■ TASK TO COMPLETE: Although the entries contain pictures, return everything else in them verbatim and omit the pictures.

■ DATASET CONTENT:
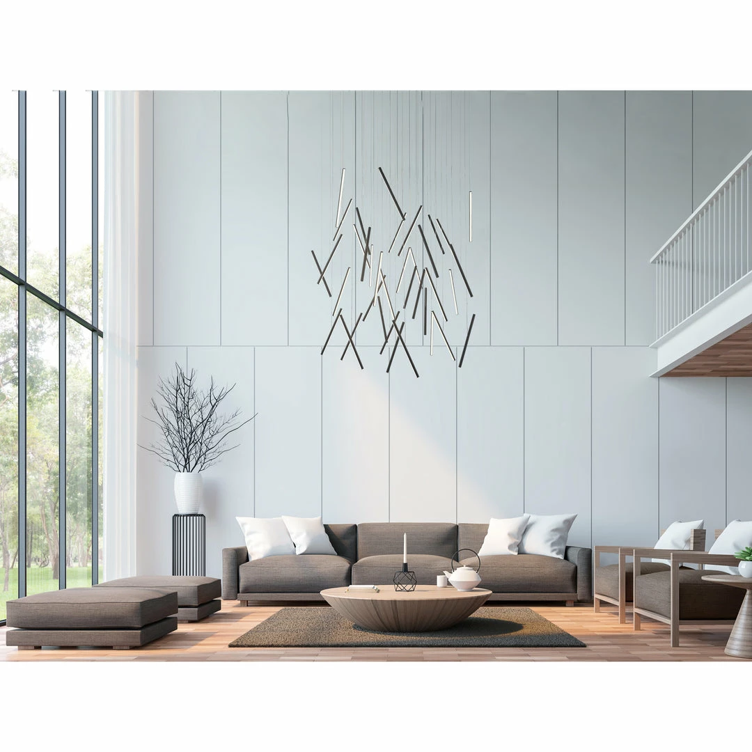 The primary component of the Chute series is a slim round rod illuminated along the entirety of its length. The opal silicon diffuser radiates soft LED light outward from the axis of the lamps and completes the cylindrical shape. Used in angled repetition the fixture becomes increasingly energetic creating a field of radiant floating lines. Individual height adjustment of the various linear elements allows for user customization and an abundance of potential compositions. Available in several sizes and multiple finishes.
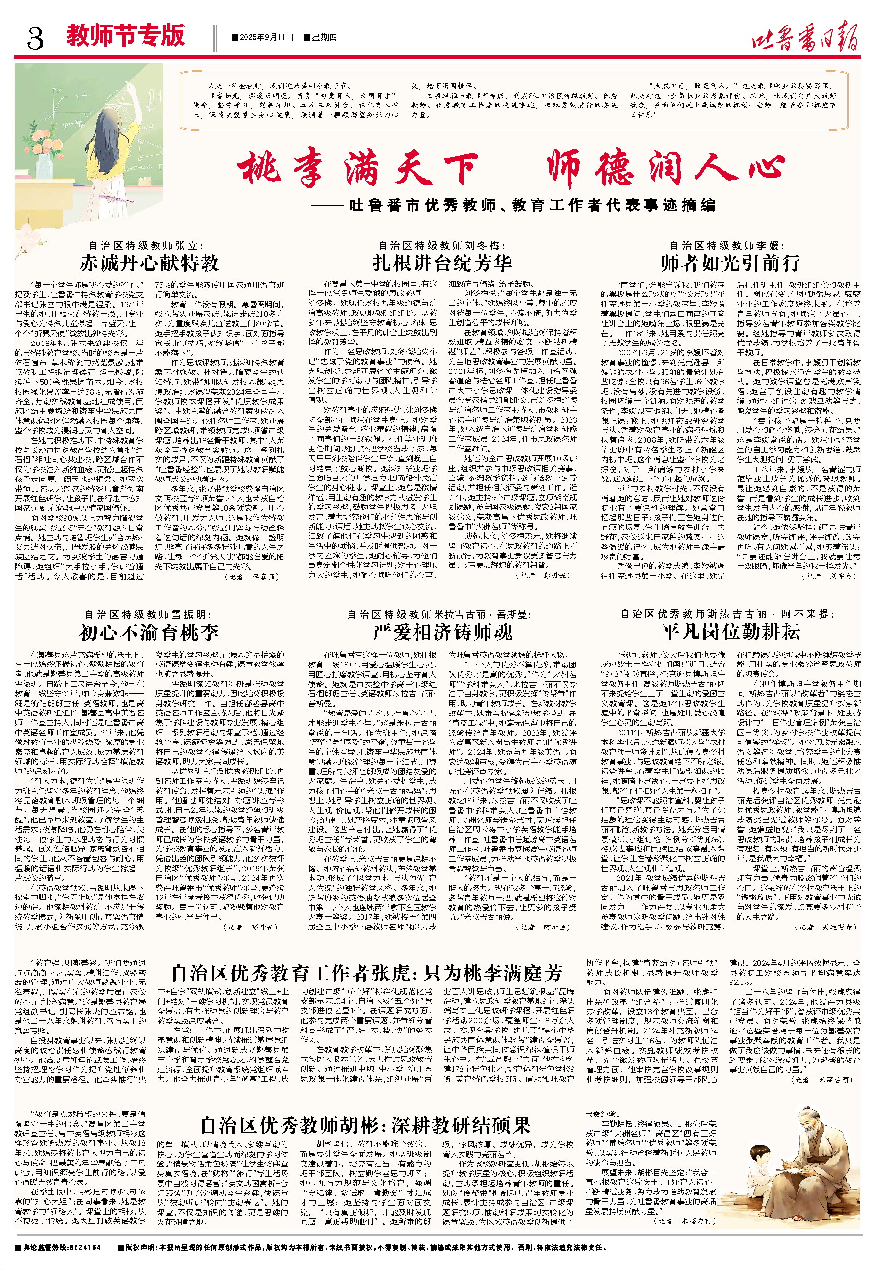 ——吐鲁番市优秀教师、教育工作者代表事迹摘编
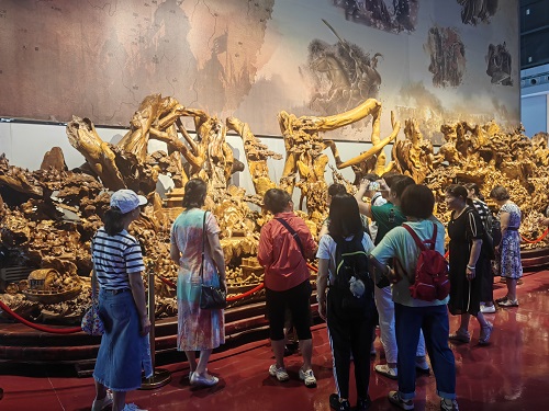 天意木国展览馆享有“寻根之旅”的美誉,所谓“天意”即天之意志,天趣之意,同时亦寓意为天一。它是以木文化为主题,意在弘扬中华民族传统文化,以奇根珍木为主体元素,匠心打造自然天成的根木项目。该馆由天意、天合、天道、天台、天趣、天成和红军长征根雕文化六大场馆组成。随着讲解员引领,老同志们走进了一个又一个由根雕构建的绮丽世界,老同志饶有兴趣的观看着每一件陈展物品:丝绸之路、清明上河图、上古神兽、人生百态、四大名著、孔子教学……老同志们纷纷感叹大师们雕刻艺术的鬼斧神工,民族传统文化的博大精深。四万多平米的奇根珍木展馆内,一件件造型奇特、天意昂然的作品,苍劲古朴、庄严厚重。虽经千万年沧桑巨变,却依旧焕发着新的艺术生命,见证着时代的变迁。
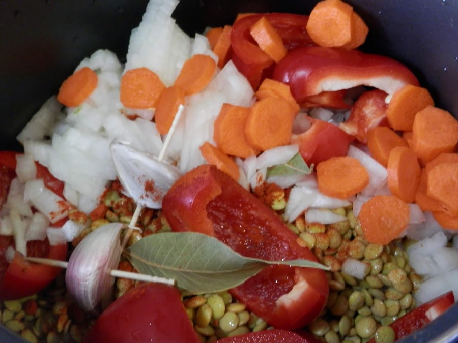 Echa en la olla, las lentejas, la zanahoria, los ajos y el laurel.
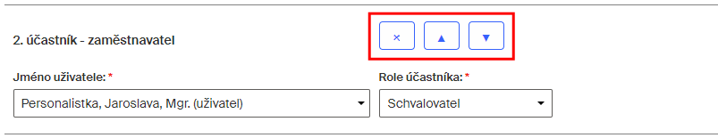Tlačítkem Přidat zaměstnavatele lze vložit další podepisující či schvalující zástupce zaměstnavatele. Jejich pořadí na podepisovací cestě lze nastavit pomocí tlačítek se šipkami.
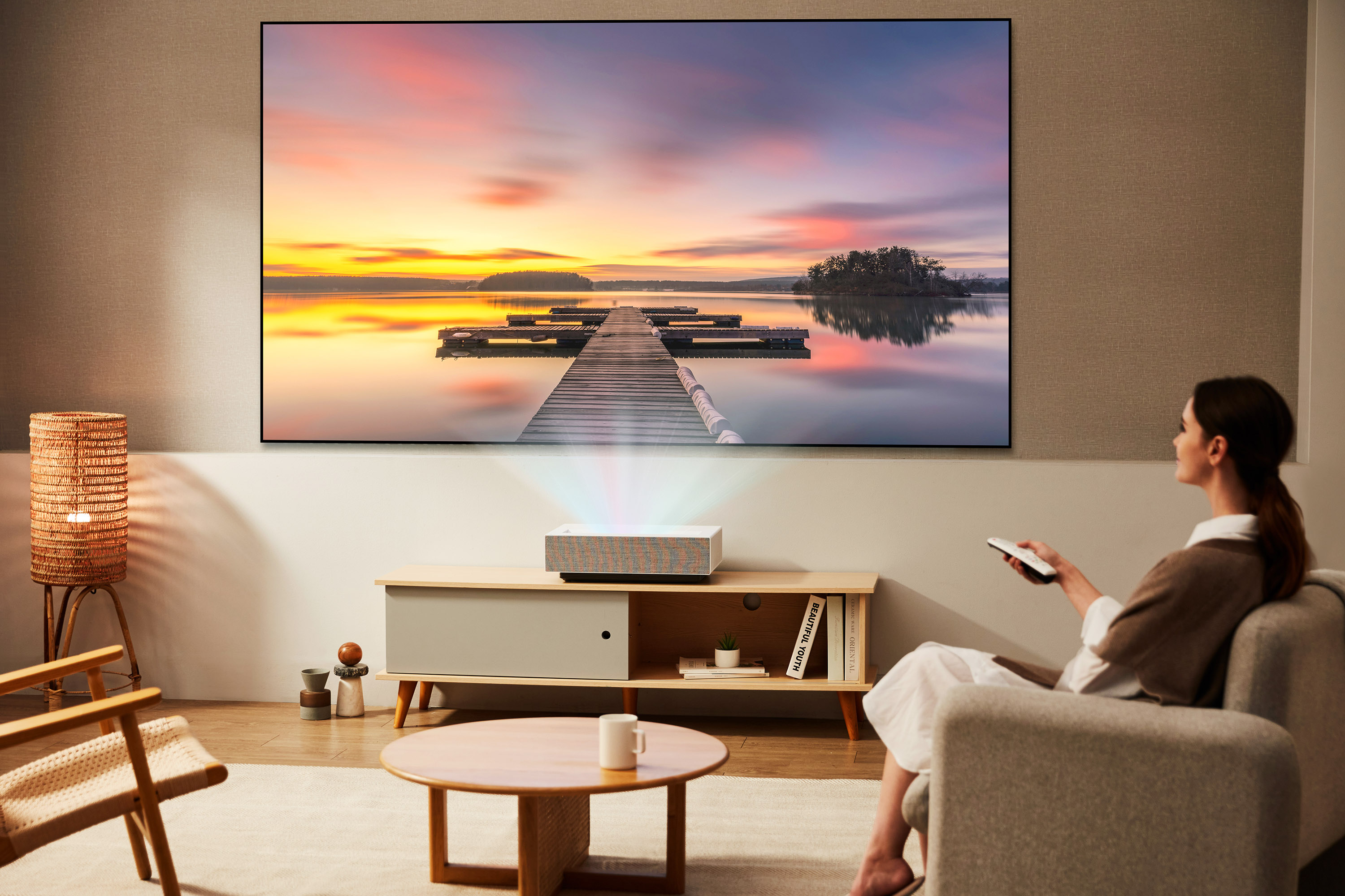 무엇보다 디자인 경쟁력이 좋습니다. 일반적인 빔프로젝터에서는 볼 수 없는 고급스러운 소재를 사용했는데요. 코튼화이트 색상은 본체 전면부에 명품 패브릭 브랜드 크바드라트(Kvadrat)를 적용했습니다. 크바드라트 색상도 그레이, 핑크, 그린 3가지 색상을 선택할 수 있어 인테리어 컨셉에 맞게 사용할 수 있습니다.

■ PROBLEM SOLUTION:
 The primary component of the Chute series is a slim round rod illuminated along the entirety of its length. The opal silicon diffuser radiates soft LED light outward from the axis of the lamps and completes the cylindrical shape. Used in angled repetition the fixture becomes increasingly energetic creating a field of radiant floating lines. Individual height adjustment of the various linear elements allows for user customization and an abundance of potential compositions. Available in several sizes and multiple finishes.
 ——吐鲁番市优秀教师、教育工作者代表事迹摘编
 天意木国展览馆享有“寻根之旅”的美誉,所谓“天意”即天之意志,天趣之意,同时亦寓意为天一。它是以木文化为主题,意在弘扬中华民族传统文化,以奇根珍木为主体元素,匠心打造自然天成的根木项目。该馆由天意、天合、天道、天台、天趣、天成和红军长征根雕文化六大场馆组成。随着讲解员引领,老同志们走进了一个又一个由根雕构建的绮丽世界,老同志饶有兴趣的观看着每一件陈展物品:丝绸之路、清明上河图、上古神兽、人生百态、四大名著、孔子教学……老同志们纷纷感叹大师们雕刻艺术的鬼斧神工,民族传统文化的博大精深。四万多平米的奇根珍木展馆内,一件件造型奇特、天意昂然的作品,苍劲古朴、庄严厚重。虽经千万年沧桑巨变,却依旧焕发着新的艺术生命,见证着时代的变迁。
 Echa en la olla, las lentejas, la zanahoria, los ajos y el laurel.
Tlačítkem Přidat zaměstnavatele lze vložit další podepisující či schvalující zástupce zaměstnavatele. Jejich pořadí na podepisovací cestě lze nastavit pomocí tlačítek se šipkami.
 무엇보다 디자인 경쟁력이 좋습니다. 일반적인 빔프로젝터에서는 볼 수 없는 고급스러운 소재를 사용했는데요. 코튼화이트 색상은 본체 전면부에 명품 패브릭 브랜드 크바드라트(Kvadrat)를 적용했습니다. 크바드라트 색상도 그레이, 핑크, 그린 3가지 색상을 선택할 수 있어 인테리어 컨셉에 맞게 사용할 수 있습니다.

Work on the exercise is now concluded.